そう思ったところで役が変わるわけじゃないし、撮影はどんどん進む。



「…姉ちゃん…俺分かんないんだ…」
「え、なにが?」
「俺はホントにあいつが好きなのかな…」
「けど、前はあんなに大好き大好き言ってたじゃん…」









「ちょっと…ストップー! 止めて止めて!」

急に監督が叫んだ。
そしてあたしの名前が呼ばれた。急いで監督のほうに駆け寄る。


「ゆいちゃんさぁ、もーちょっと感情込めれないの? 棒読みに聞こえちゃって仕方ないんだよね」
「え…す、すみません…」
「とりあえず休憩にして、ちゃんと練習してきて」

……監督の言葉が痛い。
怖い。

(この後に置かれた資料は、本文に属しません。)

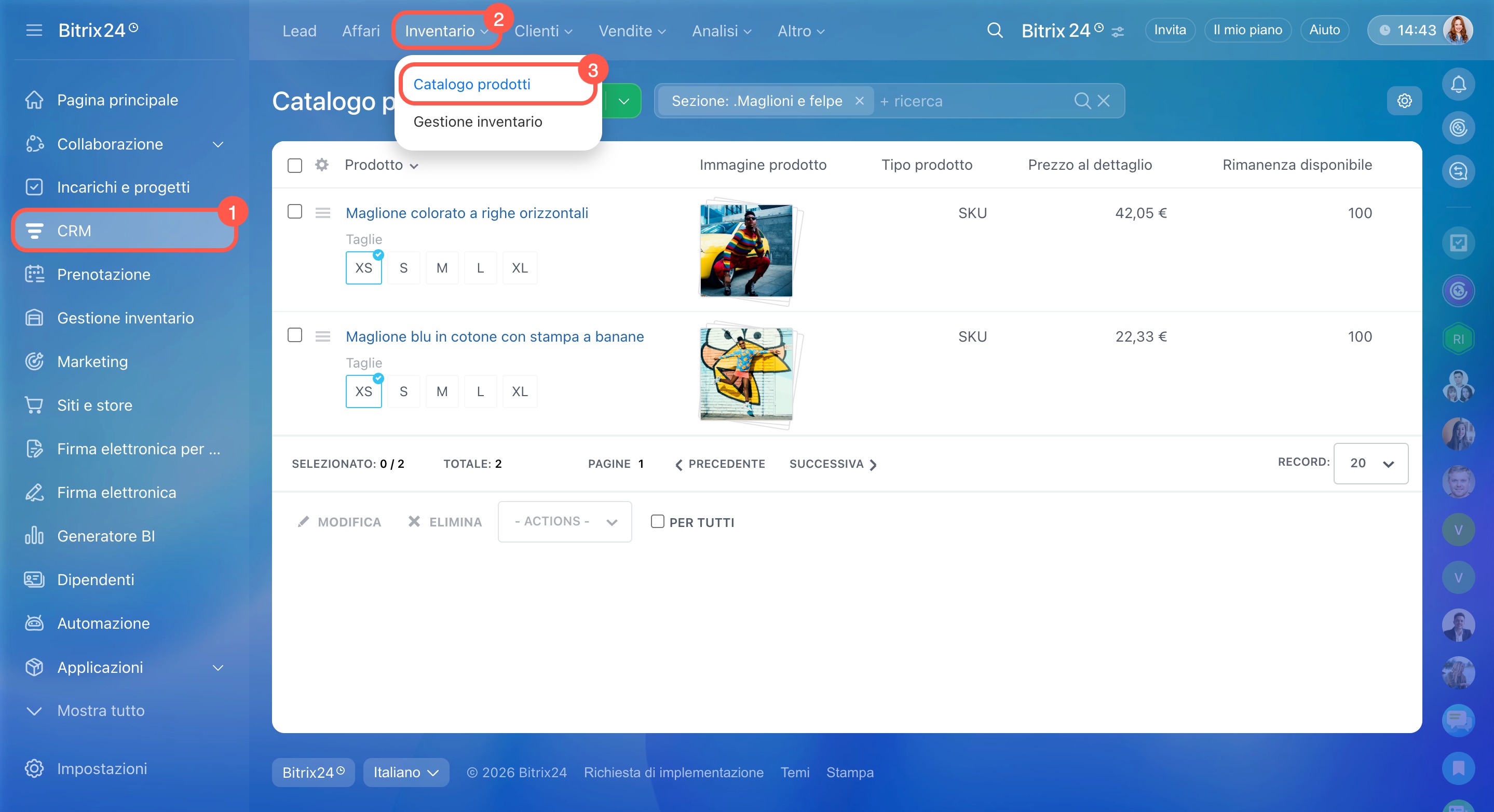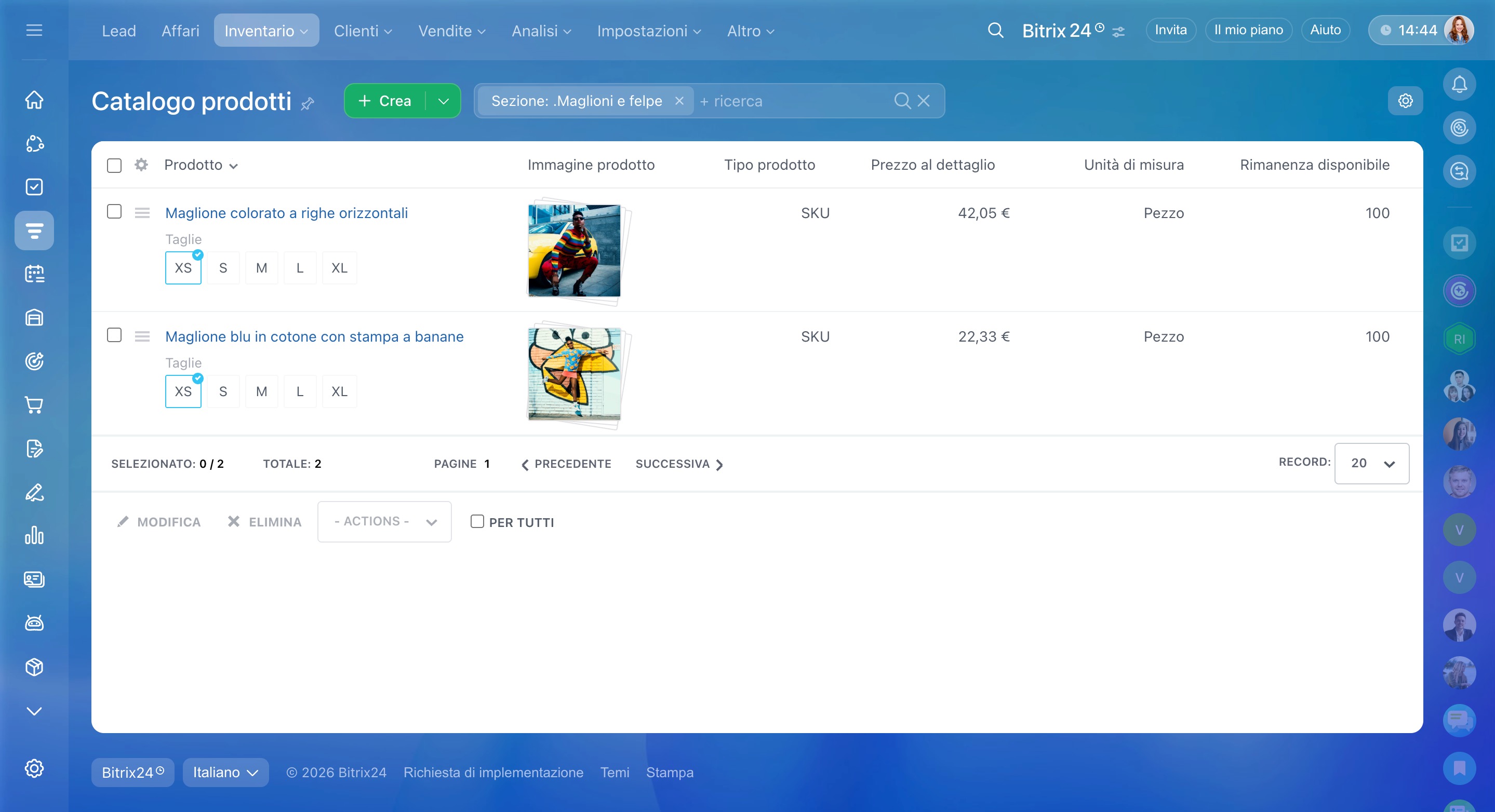 In Bitrix24 è disponibile un catalogo unico per il CRM e per i negozi online. Se colleghi un negozio online, i prodotti del catalogo vengono pubblicati automaticamente sul sito.

言葉の所々に刺がある。

「…すみません……」

そうとだけ言って、あたしは休憩所に入った。
当然撮影も休憩。
みんなに迷惑かけちゃった…。

そうだよ。
監督の言葉に落ち込んでる場合じゃない…!

「よしっ!」

気合いを入れて台本を出す。
出来る限り感情込めるように頑張ってはみるんだけど、やっぱ一人じゃ上手くいかない…。



と、そんな時、休憩所のドアが開いた。